# ABOUT THIS TASK:
Using the records that appear below, write out exactly the lines from the one with "Набор отверток из" through the one with "The print features", keeping both end lines.

RECORDS section start

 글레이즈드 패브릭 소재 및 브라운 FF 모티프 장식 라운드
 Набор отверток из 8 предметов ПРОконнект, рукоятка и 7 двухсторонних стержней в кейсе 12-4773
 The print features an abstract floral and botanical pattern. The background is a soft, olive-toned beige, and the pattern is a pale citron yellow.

RECORDS section end
RECORDS section start

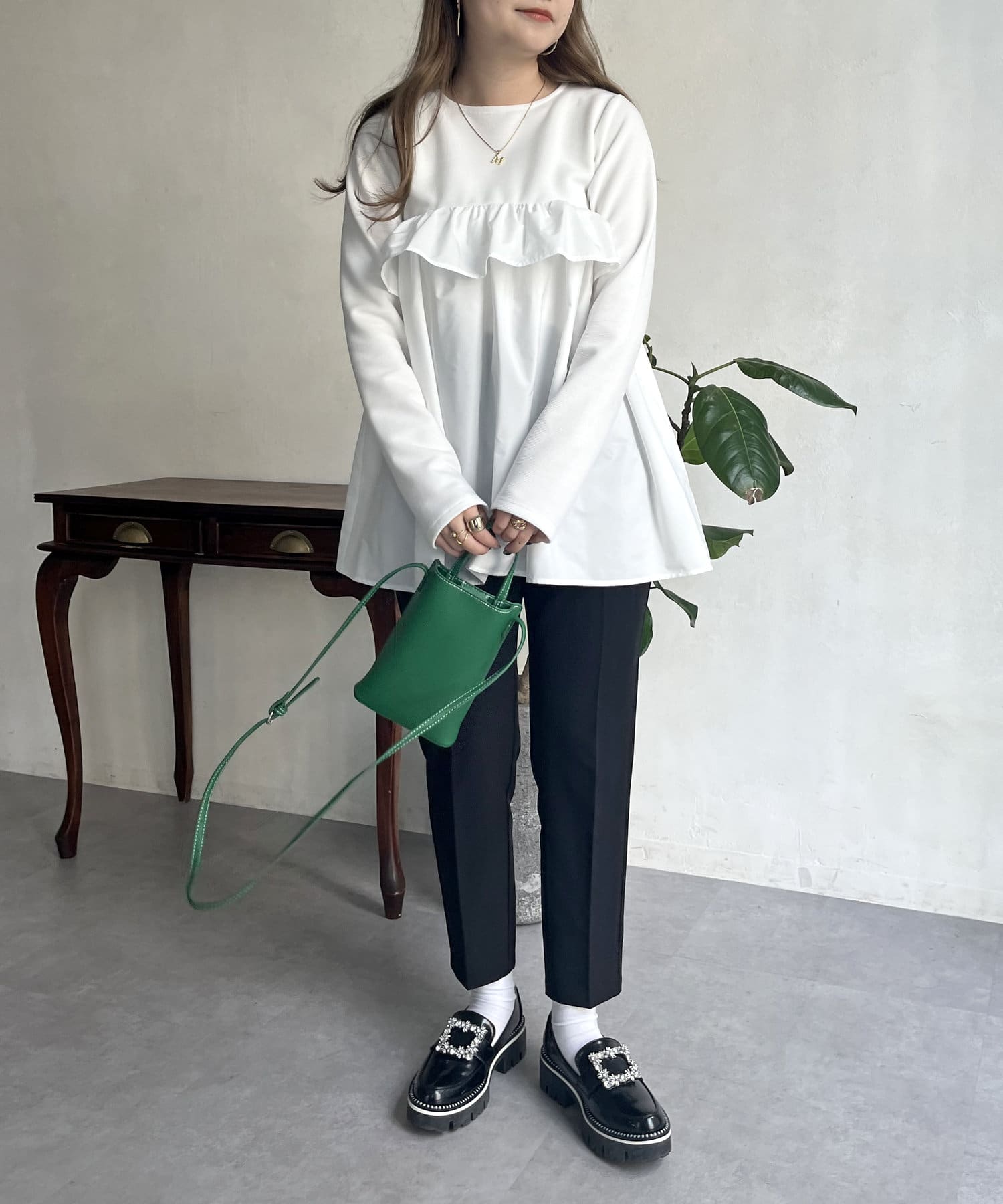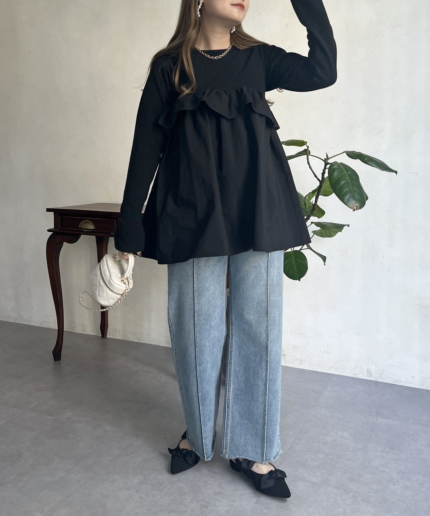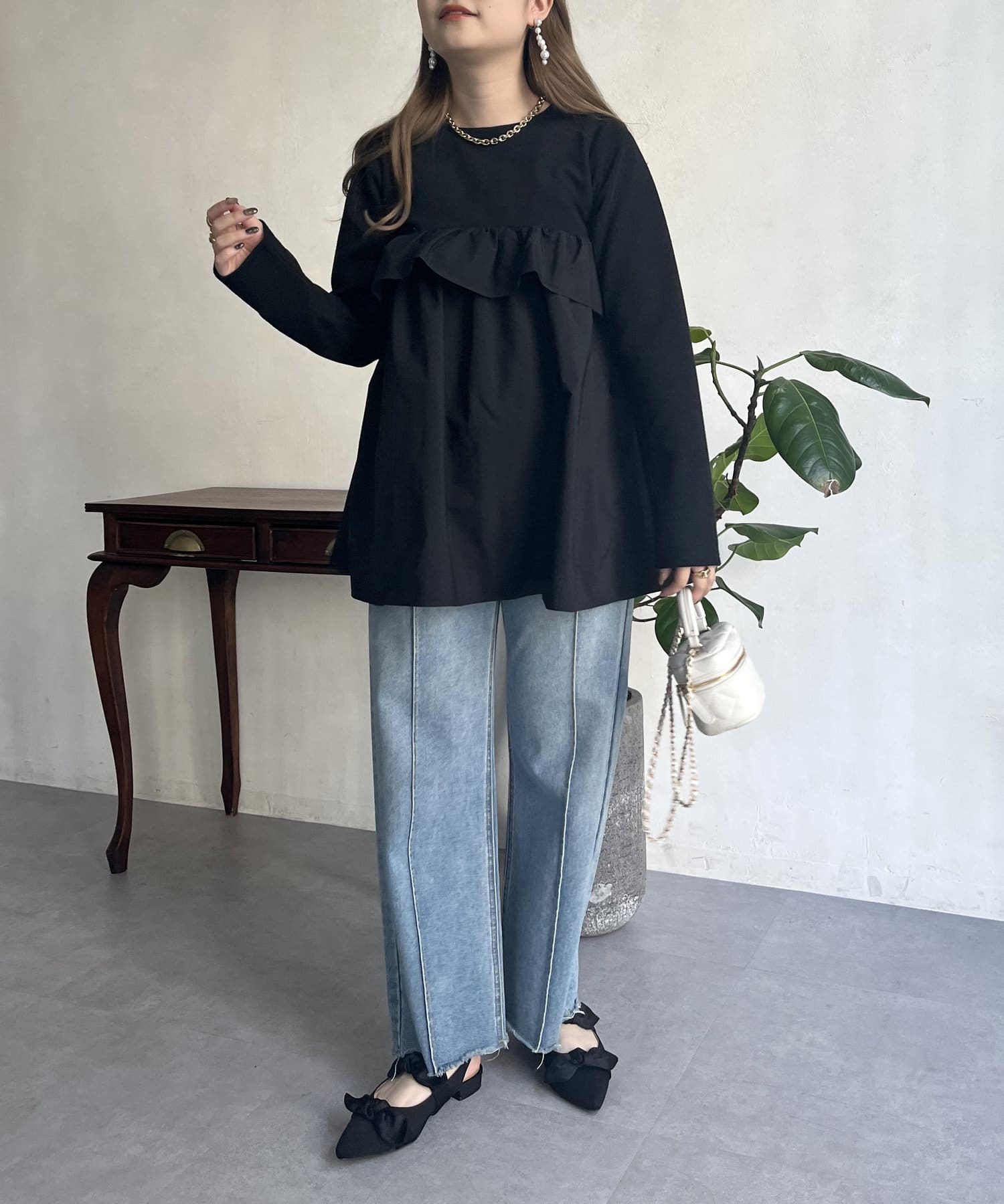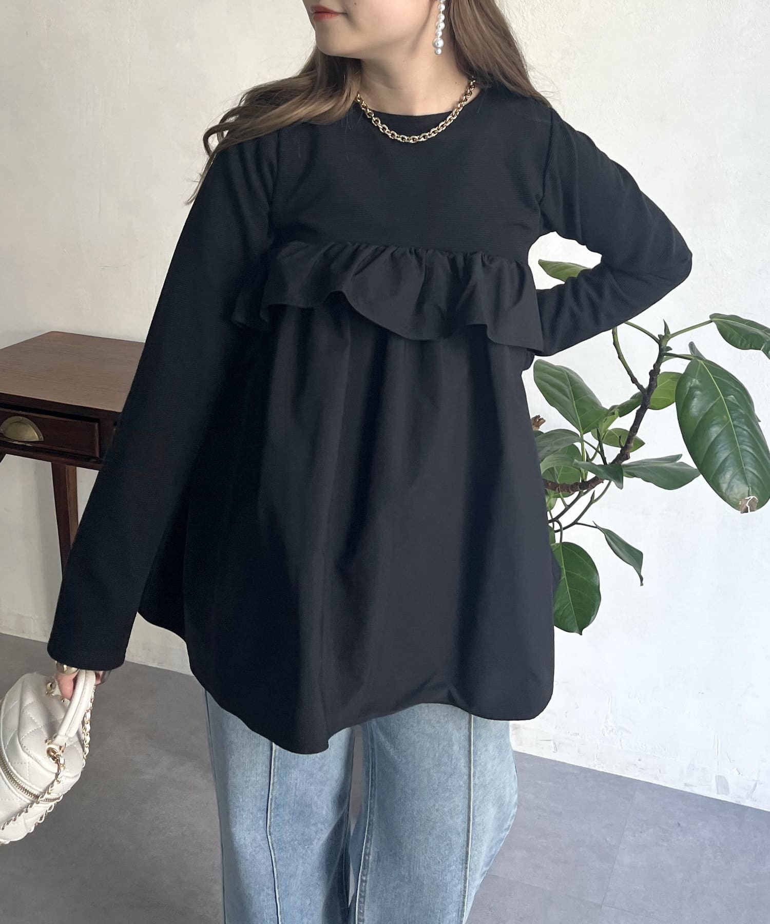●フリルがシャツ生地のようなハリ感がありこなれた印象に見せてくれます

RECORDS section end

# RESULT FOR THIS TASK:
 Набор отверток из 8 предметов ПРОконнект, рукоятка и 7 двухсторонних стержней в кейсе 12-4773
 The print features an abstract floral and botanical pattern. The background is a soft, olive-toned beige, and the pattern is a pale citron yellow.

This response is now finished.